* **Aim of the exercise**
When you restate the data, keep every word as it is and drop the images.

* **Material provided**
+===+

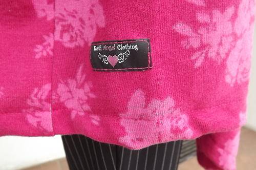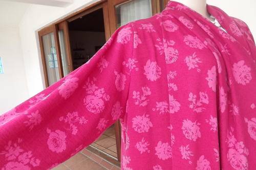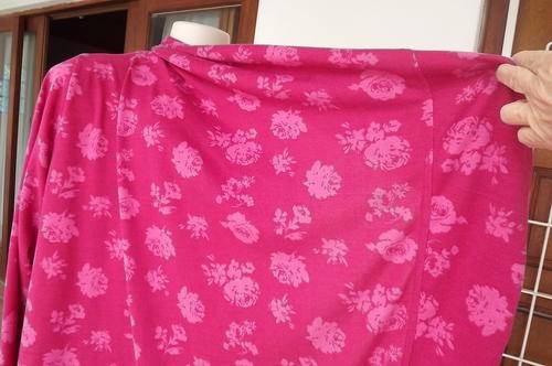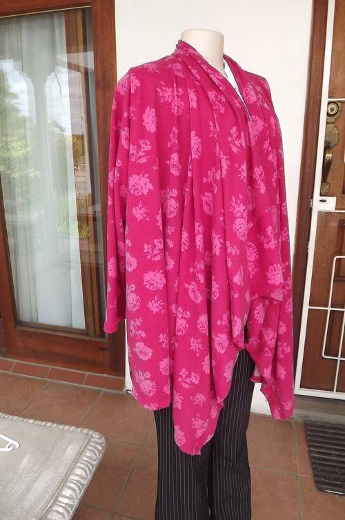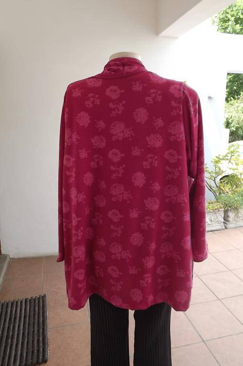 Beautiful cerise pink loose top in a knitted stretch polyester.Size 46/22.With lighter pink rose pattern.Wide loose collar and fronts in waterfall style.As new
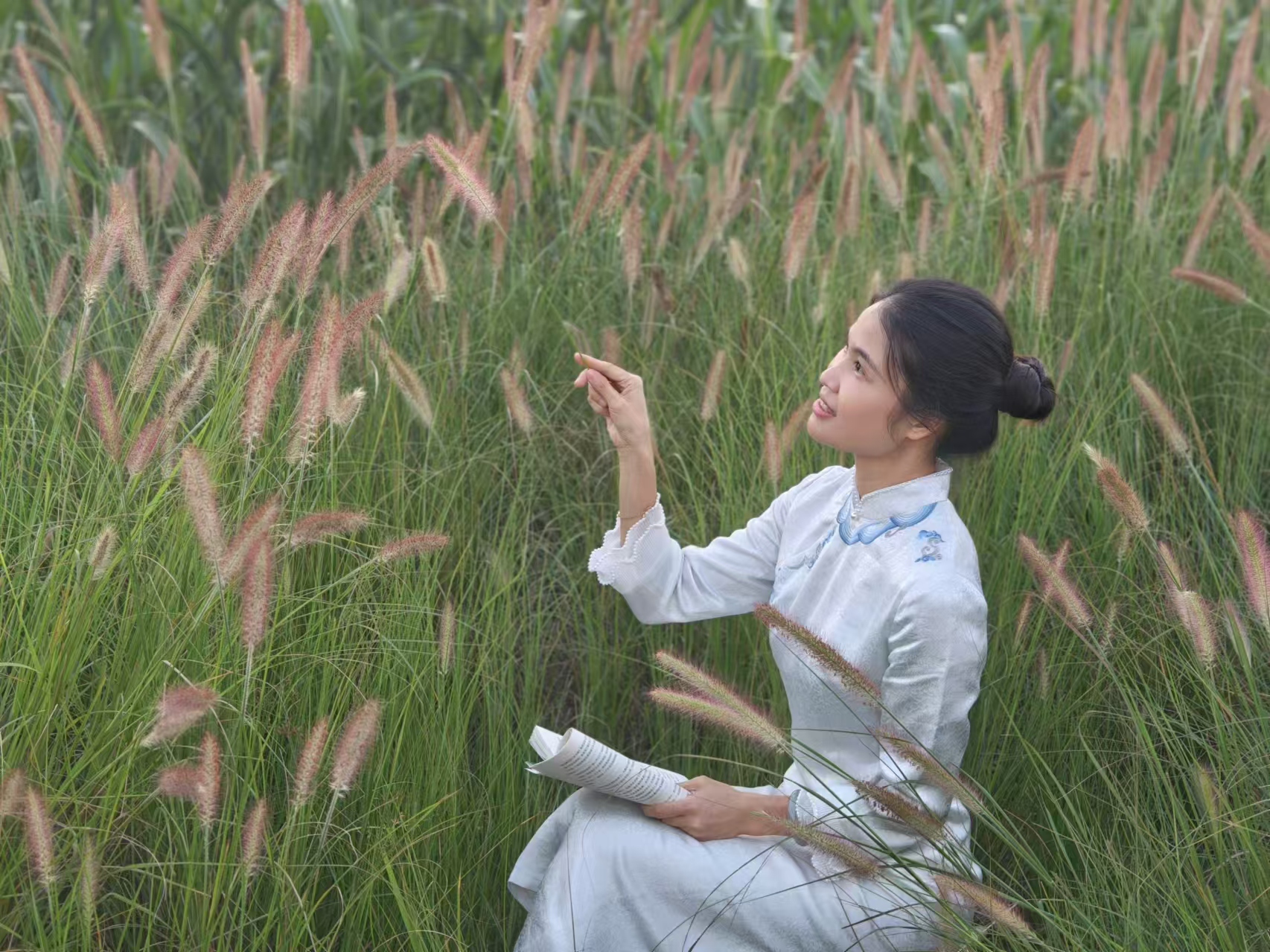 🎐通身迷人的醋酸缎,夹着细细的银丝
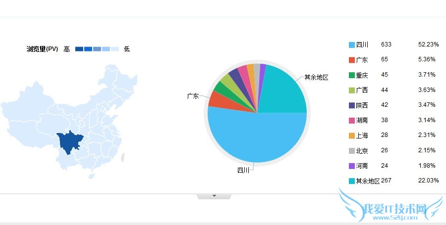 访客地域分布可以从IP中看出访客是在哪里访问的,这对于旅游行业来说很重要,因为旅游产品一般都是“从XXX到XXX旅游”,有很大的地域限制。聚途旅游网的访客中,有超过52.23%是从四川来的,其次是广东地区。我们目前的意向性用户是“四川范围内”和“广东地区”,所以相对比较匹配。

+===+

* **Response for this exercise**
 Beautiful cerise pink loose top in a knitted stretch polyester.Size 46/22.With lighter pink rose pattern.Wide loose collar and fronts in waterfall style.As new
 🎐通身迷人的醋酸缎,夹着细细的银丝
 访客地域分布可以从IP中看出访客是在哪里访问的,这对于旅游行业来说很重要,因为旅游产品一般都是“从XXX到XXX旅游”,有很大的地域限制。聚途旅游网的访客中,有超过52.23%是从四川来的,其次是广东地区。我们目前的意向性用户是“四川范围内”和“广东地区”,所以相对比较匹配。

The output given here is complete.